Work request:
Reproduce, exactly and in full, the lines from the one with "Carmen is a collection" through the one with "Connect with Chamber" in the data below; drop pictures.

Data provided:
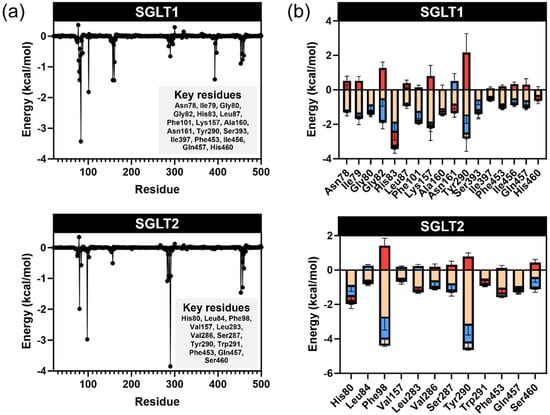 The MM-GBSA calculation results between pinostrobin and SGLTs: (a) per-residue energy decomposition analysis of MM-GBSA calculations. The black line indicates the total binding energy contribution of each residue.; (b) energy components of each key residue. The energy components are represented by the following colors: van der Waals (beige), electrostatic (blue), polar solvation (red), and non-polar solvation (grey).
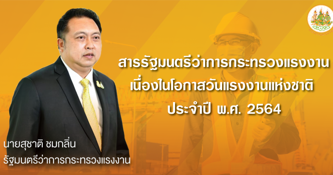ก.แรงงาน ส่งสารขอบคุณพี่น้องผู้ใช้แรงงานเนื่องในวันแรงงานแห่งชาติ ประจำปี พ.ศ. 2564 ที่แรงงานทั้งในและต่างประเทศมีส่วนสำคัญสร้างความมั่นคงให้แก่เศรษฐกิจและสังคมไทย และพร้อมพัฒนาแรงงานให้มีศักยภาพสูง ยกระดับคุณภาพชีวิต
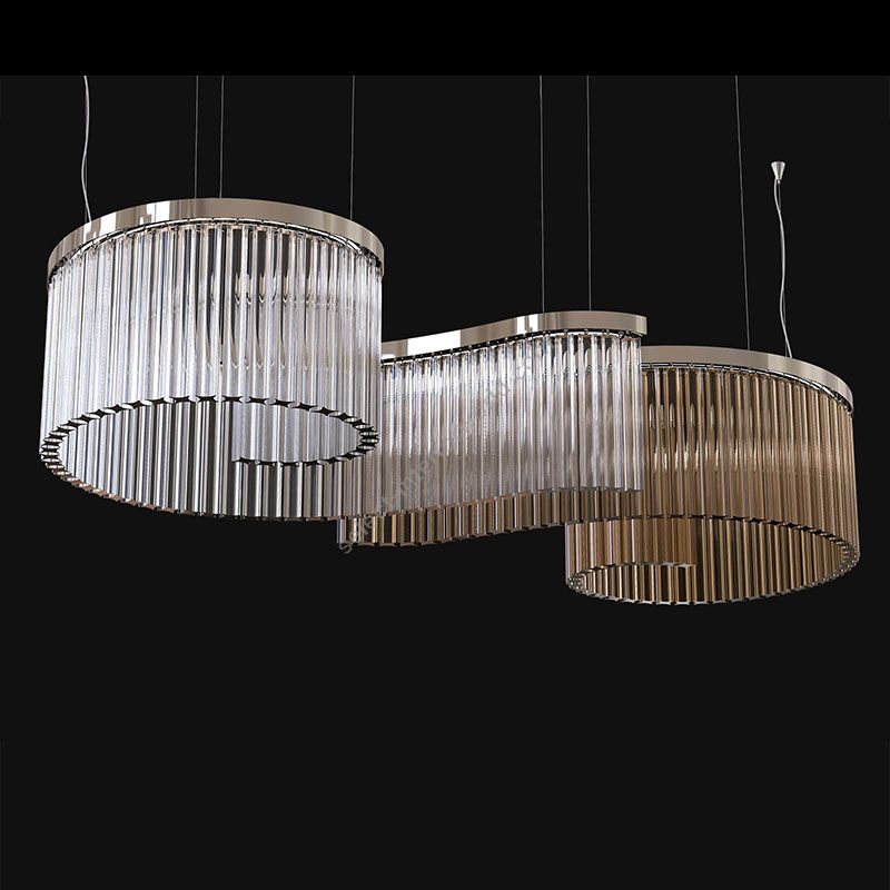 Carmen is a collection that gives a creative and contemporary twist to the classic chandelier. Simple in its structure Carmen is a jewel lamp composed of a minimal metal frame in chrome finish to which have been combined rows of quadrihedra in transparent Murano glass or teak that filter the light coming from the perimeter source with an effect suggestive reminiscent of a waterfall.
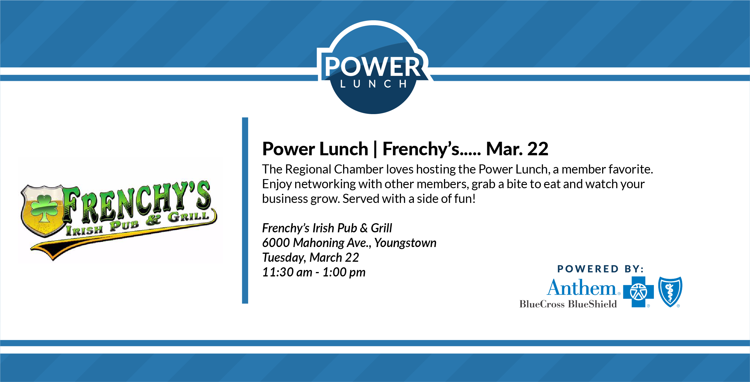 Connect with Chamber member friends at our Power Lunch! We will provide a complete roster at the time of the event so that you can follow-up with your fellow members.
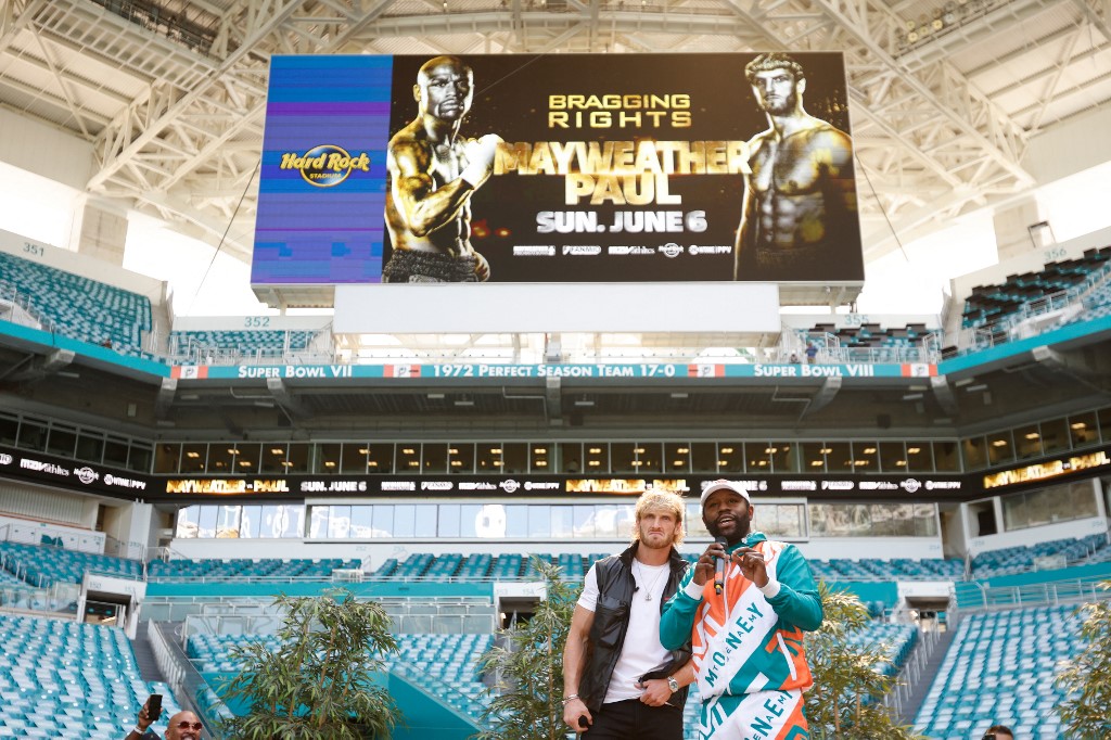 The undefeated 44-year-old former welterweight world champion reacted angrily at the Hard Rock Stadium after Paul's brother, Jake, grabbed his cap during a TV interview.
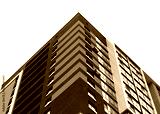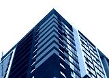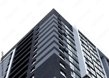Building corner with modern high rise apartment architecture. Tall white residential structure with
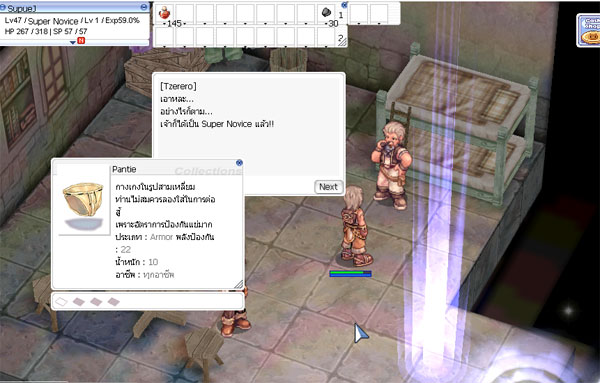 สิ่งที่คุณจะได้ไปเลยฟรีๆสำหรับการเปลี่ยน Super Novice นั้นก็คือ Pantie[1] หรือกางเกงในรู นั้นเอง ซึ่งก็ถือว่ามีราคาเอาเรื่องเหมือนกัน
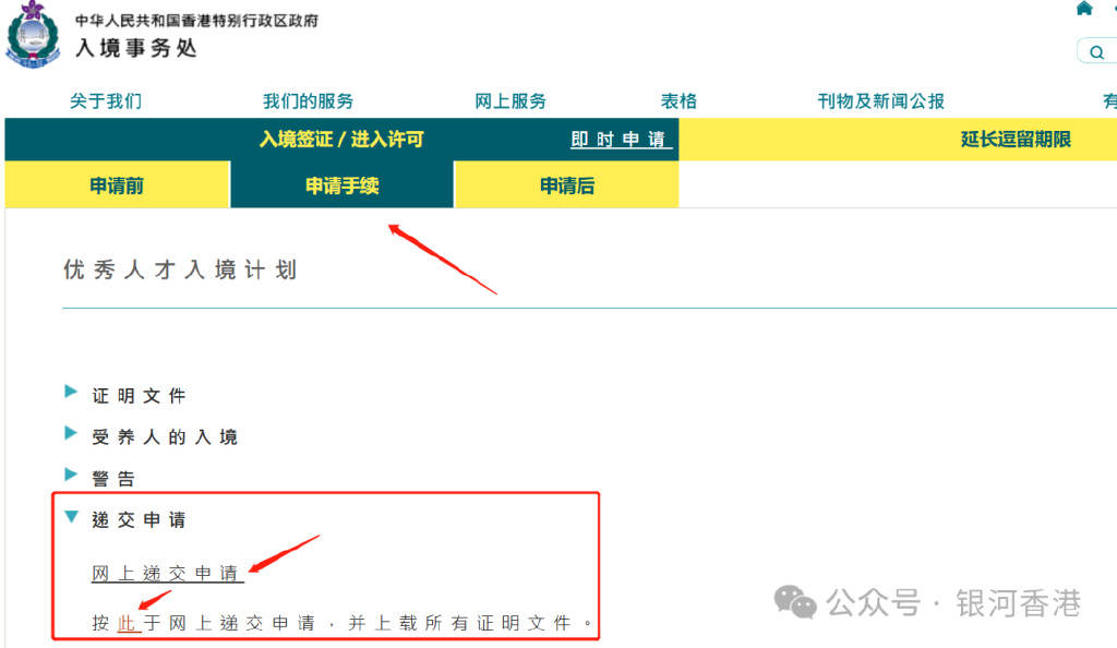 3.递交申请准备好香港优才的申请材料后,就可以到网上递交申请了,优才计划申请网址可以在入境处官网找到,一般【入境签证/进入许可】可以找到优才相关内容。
...
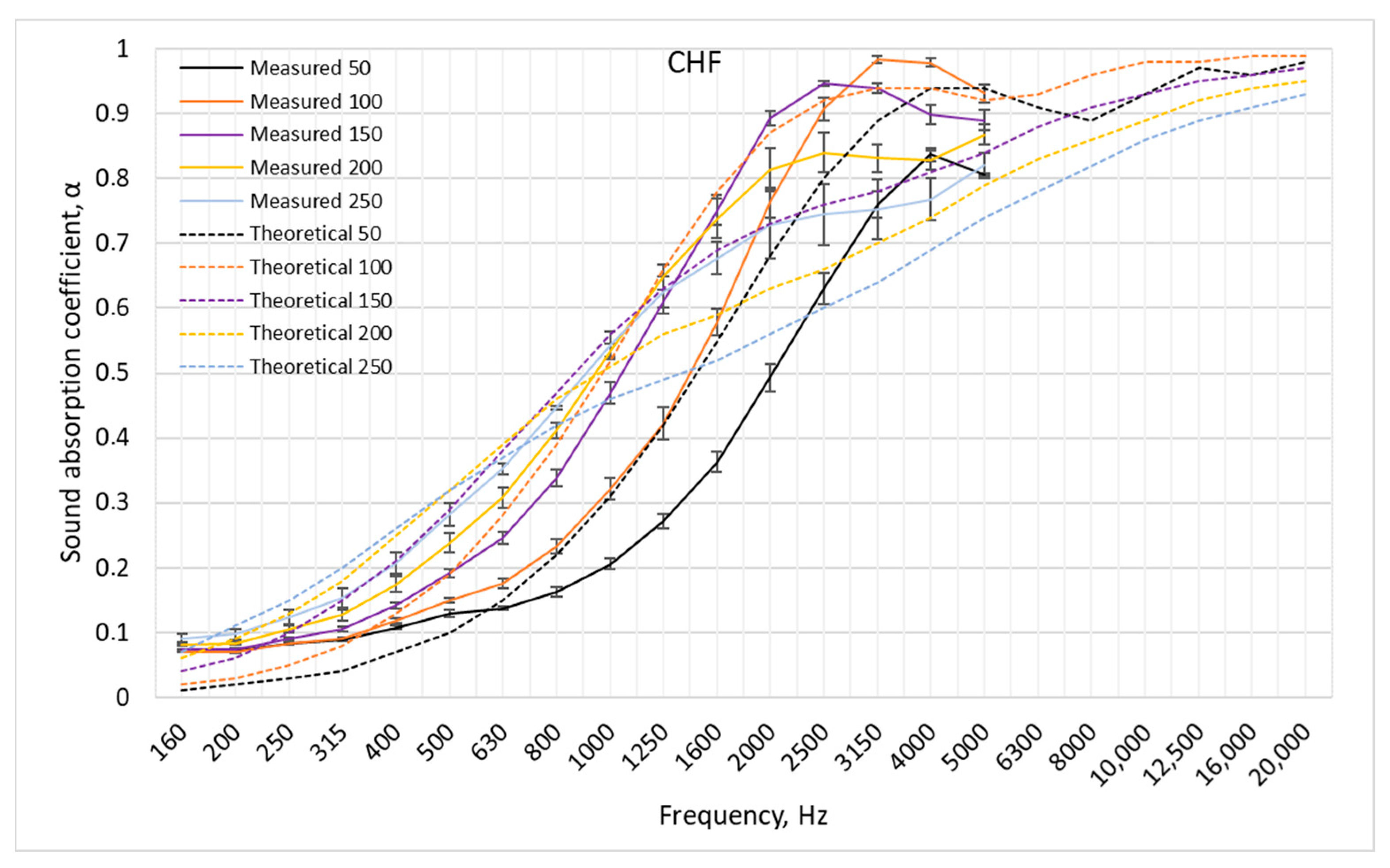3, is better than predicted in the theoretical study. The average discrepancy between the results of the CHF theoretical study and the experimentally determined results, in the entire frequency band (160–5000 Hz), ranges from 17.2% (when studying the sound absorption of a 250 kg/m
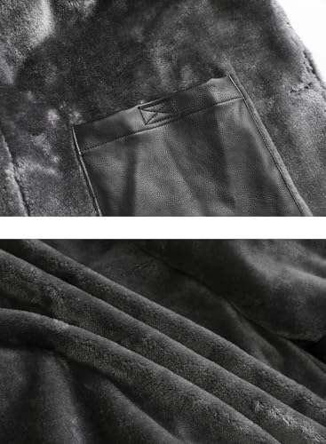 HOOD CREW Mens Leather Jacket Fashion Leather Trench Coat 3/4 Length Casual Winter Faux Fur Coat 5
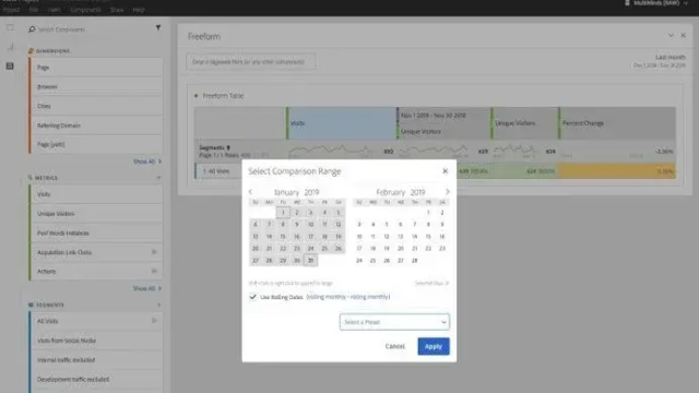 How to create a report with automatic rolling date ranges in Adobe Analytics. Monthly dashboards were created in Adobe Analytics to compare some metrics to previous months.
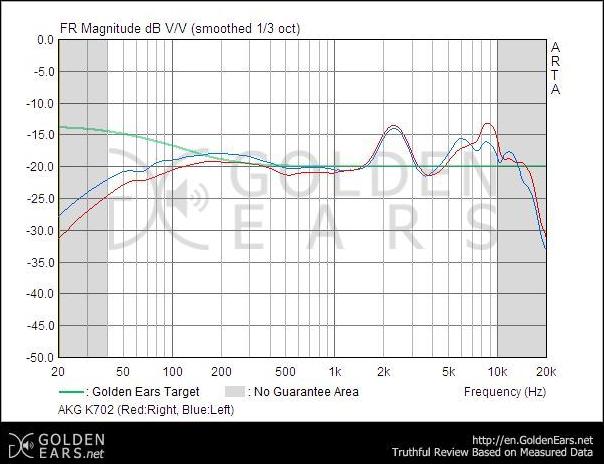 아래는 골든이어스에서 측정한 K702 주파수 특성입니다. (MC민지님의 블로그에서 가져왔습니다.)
---
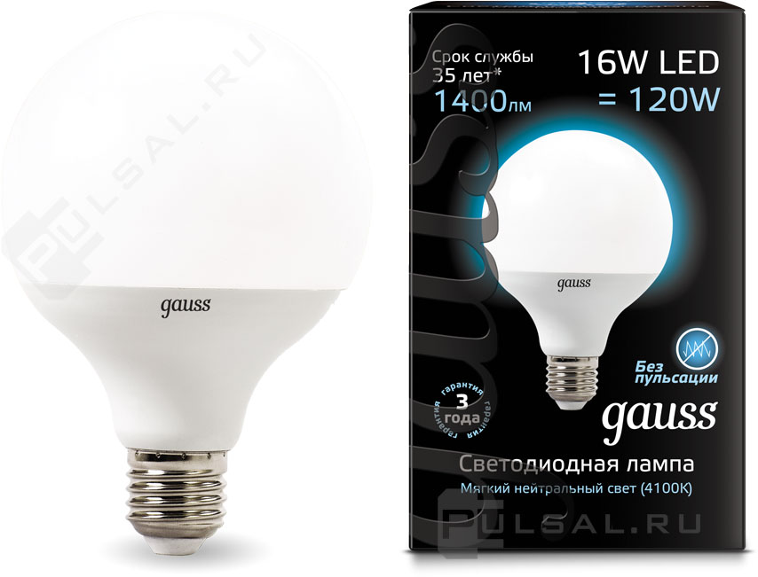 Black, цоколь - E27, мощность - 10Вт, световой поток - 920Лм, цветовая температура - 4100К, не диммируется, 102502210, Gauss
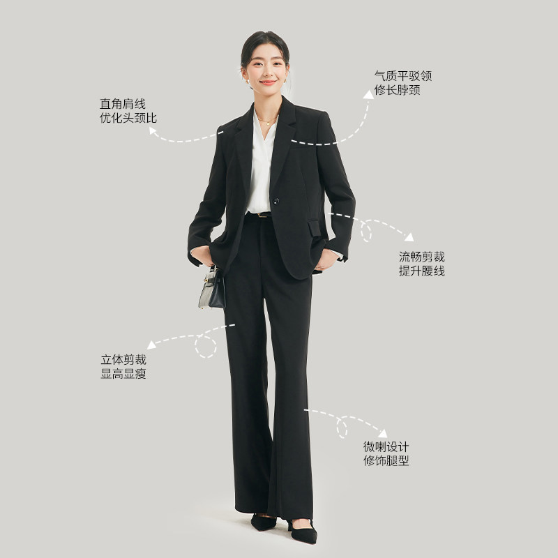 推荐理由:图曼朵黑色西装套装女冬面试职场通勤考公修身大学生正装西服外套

Exercise answer:
 Carmen is a collection that gives a creative and contemporary twist to the classic chandelier. Simple in its structure Carmen is a jewel lamp composed of a minimal metal frame in chrome finish to which have been combined rows of quadrihedra in transparent Murano glass or teak that filter the light coming from the perimeter source with an effect suggestive reminiscent of a waterfall.
 Connect with Chamber member friends at our Power Lunch! We will provide a complete roster at the time of the event so that you can follow-up with your fellow members.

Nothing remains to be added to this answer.